Gyms and classes can be very intimidating, so I wanted to offer a fun and relaxing experience. The whole ethos at Ouch Potato is built on friendliness, making people feel comfortable and empowering them to enjoy getting fit. – Steve Paffett, Ouch Potato

Resident, Irene Hagyard, pumping iron at Delwood House

During one of our chats, Steve mentioned that he would love to offer his services to older people and people with disabilities – a new direction for Ouch Potato.

As chance would have it, I had recently been contacted by Lizzie, the managing director of Fulford Nursing Home who, following a candid conversation at an event, had been put in touch with me by a City of York Council commissioning manager. Lizzie was on the lookout for new activities for residents, so I connected Lizzie and Steve and Ouch Potato now delivers regular seated exercise sessions for people who live at the home. People love taking part in the new activity together – and they are just that little bit fitter, healthier and happier as a result:

I met Mark after hearing of his work at a Better Care Fund event. A friend asked if I had any contacts who could help her set up a community share and care scheme in our village.

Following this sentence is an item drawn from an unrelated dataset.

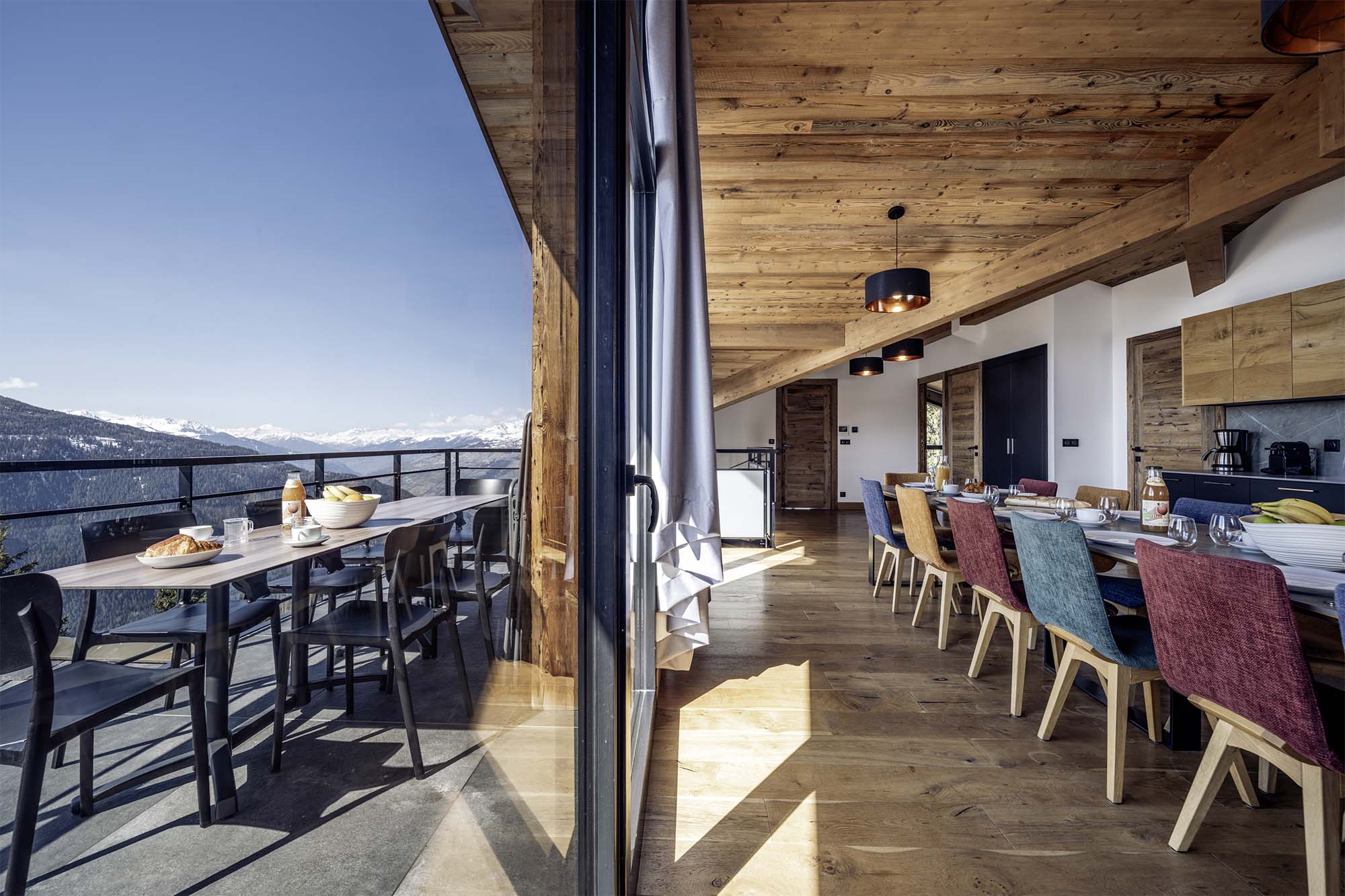A south-facing 20 m² terrace with panoramic views of the Tarentaise valley

We all met for a drink and I’m pleased to say the scheme has started in my village and a Christmas lunch was enjoyed by 40 plus older people in December. During the meeting I’d said I was trying to find someone who could come and do exercises with my residents to improve strength and general wellbeing. Mark put me in touch with Steve and we decided to just have a go, nothing complicated, start with 20 mins and take it from there. That was in August and Steve is now a regular Friday Fitness Fixture! You know he is in by the laughing and chatting, and even the most reluctant have a go at balloon tennis! And it started with a chance conversation, which has resulted in a great outcome for all!   Lizzie Hancock – Managing Director of Fulford Nursing Home

I’d also been speaking with Julie Graham, the Active Communities Officer for City of York Council. Julie was also on the hunt for activities that could bring together people who live in supported housing projects, known locally as Independent Living Communities. I put Steve in touch with Julie, and he now provides regular sessions for people who live at Delwood House, a local independent living centre:

Ouch Potato deliver person centred and bespoke sessions in a really relaxed and sensitive way – all in our tenants’ home environment. No Lycra, no mirrors, just good music and companionship followed by a chat and a brew. Who said exercise had to be serious…let’s get moving! – Julie Graham, Active Communities Officer, City of York Council

The benefits for people at Fulford Nursing Home and Delwood House are obvious but alongside these Steve has more customers for Ouch Potato and his small enterprise is flourishing as a result.

It’s great to see everyone getting so much out of the new classes as, all too often, people tend to ‘slip through the net’ by failing to recognise the limitless opportunities there are to connect with others. As such, I like to think of those of us involved in helping people to make those all-important connections as intersections on an increasingly tight-knit-net; that the more willing we are to pull-together, the smaller the ‘holes’ get, and the less likely people are to slip through. As the above story illustrates, it’s amazing what candid conversations between willing, active participants in this process can be the catalyst for; that it’s good to talk!